旧的房子看起来非常的寒酸,她犹豫着走下了一层,她说不清到底为什么要下来,只是觉的不找点什么来分散一下注意力,心口堵着的窒息和疼痛根本没有办法缓解。
混浊的空气中漂浮着发霉的味道,还有一些烤马铃薯的香气,楼下的嘈杂声更清晰了,孩子们的笑闹和号哭,夹杂着大人们暴躁的呵斥,惊人的混乱,让她有种强烈的不真实感。
黛玉静静地停在楼梯口,四下黑乎乎的,一盏小小的壁灯也只不过能让人看清脚下的楼梯。
眼前的楼梯就像幽深的隧道,直通到楼下,尽头的光线明亮很多,充斥着璀璨的亮光和喧闹的人声,可不知为什么,非但没有给人带来暖意,反而更加深了不安,像是一个能把人吞噬的黑洞,里面充斥着粗暴、阴暗和无尽的麻木,能迅速吸食光你所有的能量、以及温暖和快乐。

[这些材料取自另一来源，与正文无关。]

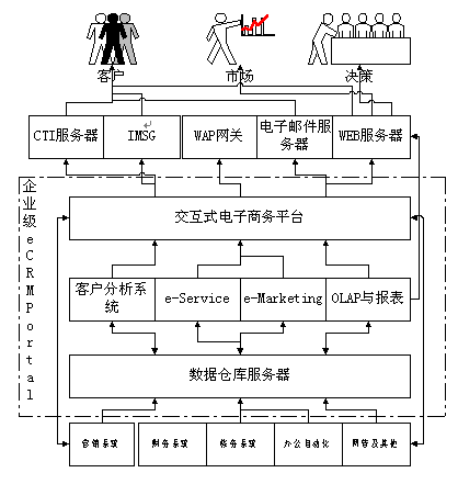 交互式電子商務平臺:負責將企業(yè)內(nèi)部的系統(tǒng)和企業(yè)的電子渠道(如:WEB、電子郵件、WAP、手機短消息和呼叫中心(Call Center)等)與企業(yè)內(nèi)部的業(yè)務系統(tǒng)(如:銷售系統(tǒng)、ERP系統(tǒng))等連接起來共同為客戶提供更為有效的服務。
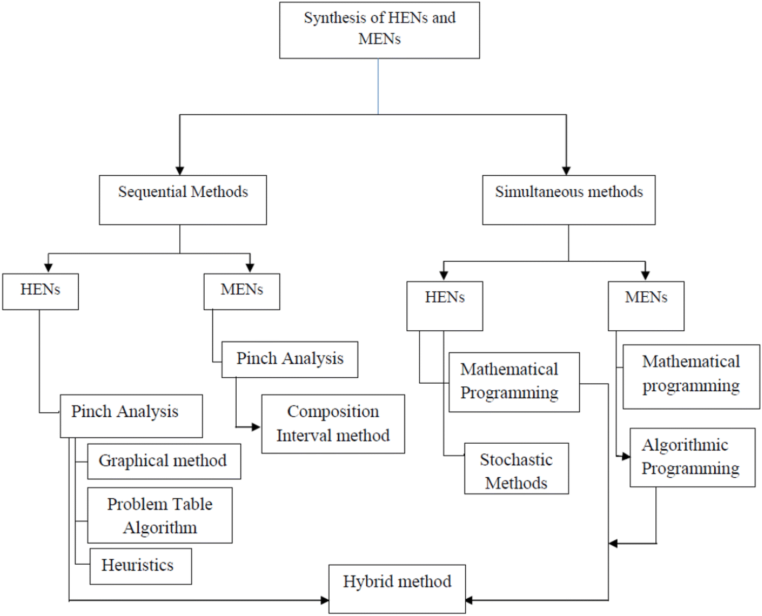 capture using solid sorbents have not been given much attention in literature. Application of HENs and MENs in this field could proffer a solution to energy and material minimization. Major techniques that have been used to synthesize HENs and MENs in the past have been summarized in Fig.

黛玉瑟缩了一下,她抚住不安的心,正想往回走,二楼的走廊里传来了几声窃窃私语。
“哦,该死的,你又偷偷克扣了孩子们的配给食品对不对”
一个粗鲁的女声短促的讥笑了一下,“得了,别告诉我你没有,你柜子的罐头哪里来的昨天我就发现了哦,不对,那是美国货嘿,是不是又让美国大兵干了行价不是一回两块巧克力吗”
另一个年轻女人发出得意的笑声,“有的美国兵比较慷慨,怎么样,你这体型够呛能换到好东西也许,能得到一根香烟”
“得了吧,看看你这满头的油腻,听凯丝说,美国兵一直嫌弃英国女人邋遢。”
麻瓜的战争已经让困窘的人民失去了所有的体面
黛玉听的胆战心惊,更是面红耳赤,她狼狈的快速的上了楼,一进里德尔的房间,马上就插牢了门。
女孩扶着房门刚想平稳一下心跳和呼吸,忽然,身后传来“啵”的一声轻响,很微弱,但在这寂静里依旧清晰可辨,她哆嗦了一下,吓得赶紧转过了身子
一个颀长的身影已经立在房间正中,在窗户的背景下,就像伟岸的一个剪影,更像无法摧毁的最坚实的壁垒。
突如其来的欣喜和莫名的委屈一下子充盈满姑娘的心房,她晚了一拍的大脑根本还没来得及反应,那具娇柔的身子已经一下子扑进了来人的怀里。她的胳膊紧紧的环住了他的腰,哽咽着唤了一声“阿汤”,小脸又急切的往他怀里扎了扎,已经哭了起来。
来人被扑的晃了一下,这罕见的投怀送抱让少年完全蒙在了当地,他的瞳孔狠狠的收缩了一下,身子僵住了,怀中的少女浑身颤抖,像一个急需抚慰的小奶猫,陌生的怜惜感从心头的空洞里涌出,里德尔蓦然清醒了,有那么一秒的不知所措,他把顺手带来的斗篷给姑娘披在身上,抱了抱她,又愣了一两秒,也不知在体察什么,终于轻声笑了笑,“吓到了”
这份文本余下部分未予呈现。